**WHAT YOU HAVE TO DO**
Please copy the data below exactly; none of the pictures in it belong in the copy.

**INFORMATION SHOWN**
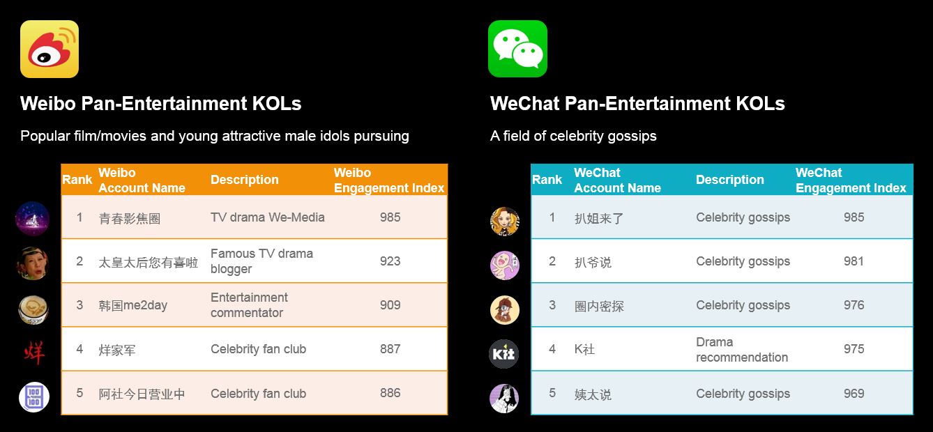 • Entertainment Key Opinion Leaders (KOLs) are the only KOL category to bridge the Weibo/WeChat divide.
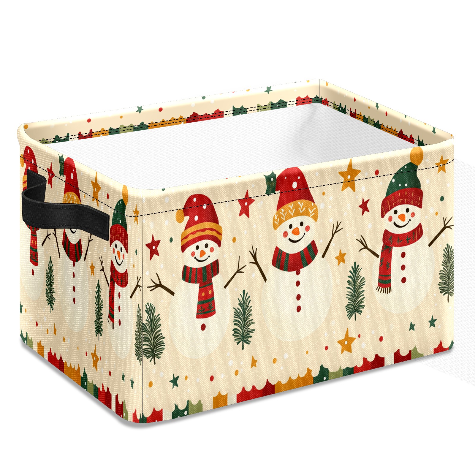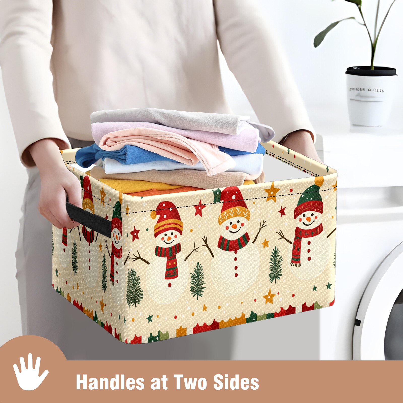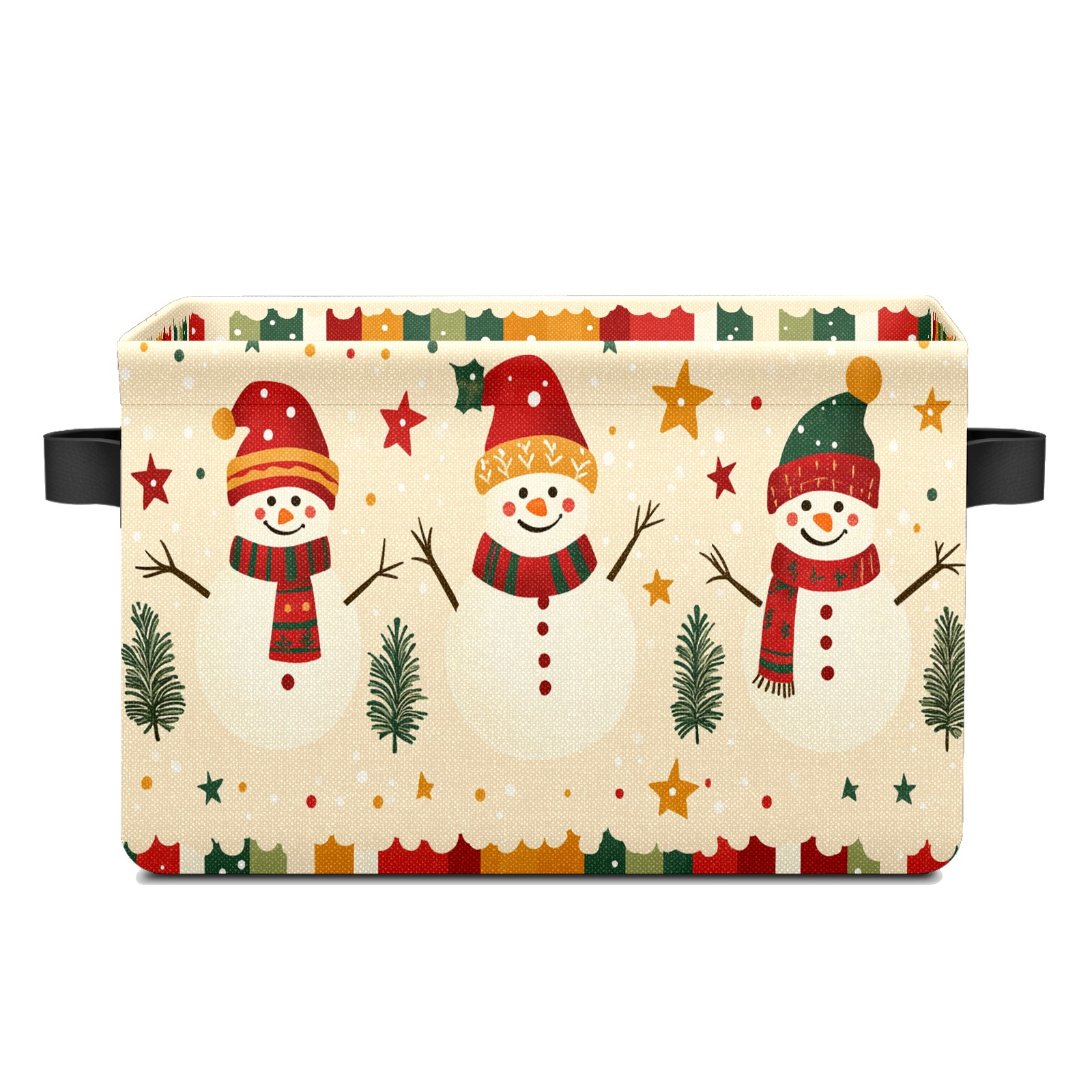 Christmas Snowman Stripes And Star Patterns Large Storage Box, Foldable Toy Basket with Handle, for Organizing Clothes, Christmas Gift Storage Box, Children's Toys.
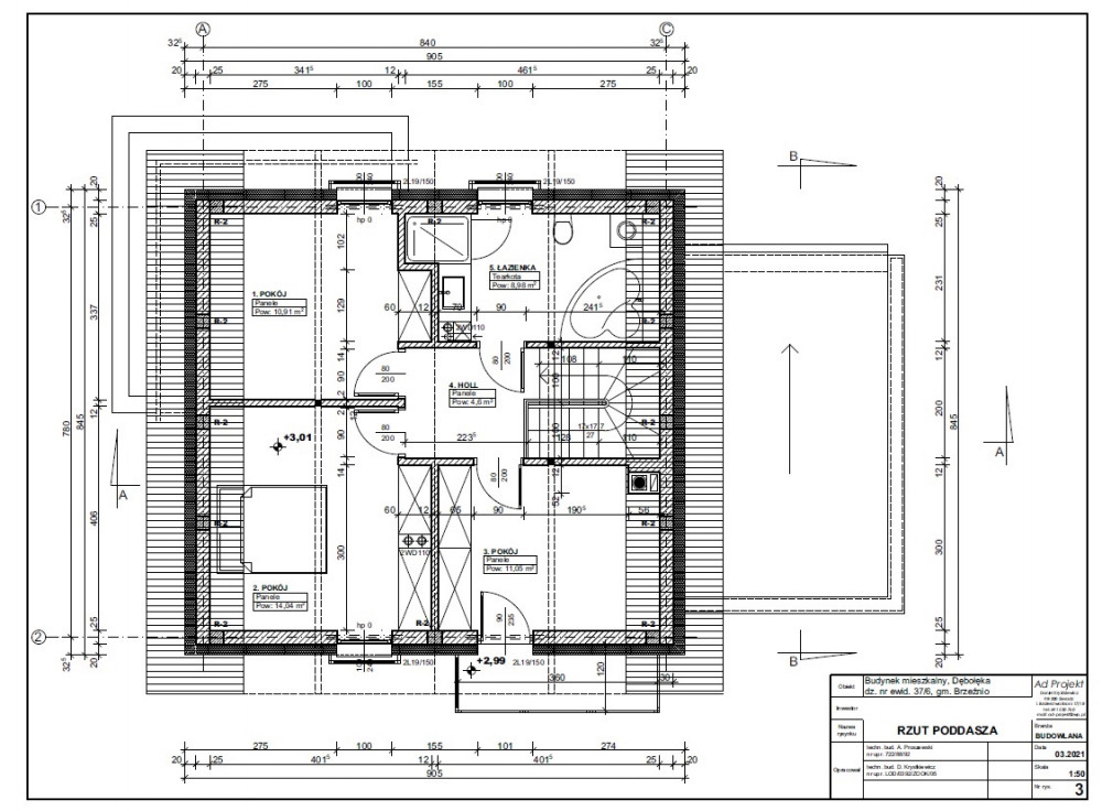 Budynek wolnostojący, parterowy z poddaszem użytkowym, bez podpiwniczenia.

**PROBLEM SOLUTION**
 • Entertainment Key Opinion Leaders (KOLs) are the only KOL category to bridge the Weibo/WeChat divide.
 Christmas Snowman Stripes And Star Patterns Large Storage Box, Foldable Toy Basket with Handle, for Organizing Clothes, Christmas Gift Storage Box, Children's Toys.
 Budynek wolnostojący, parterowy z poddaszem użytkowym, bez podpiwniczenia.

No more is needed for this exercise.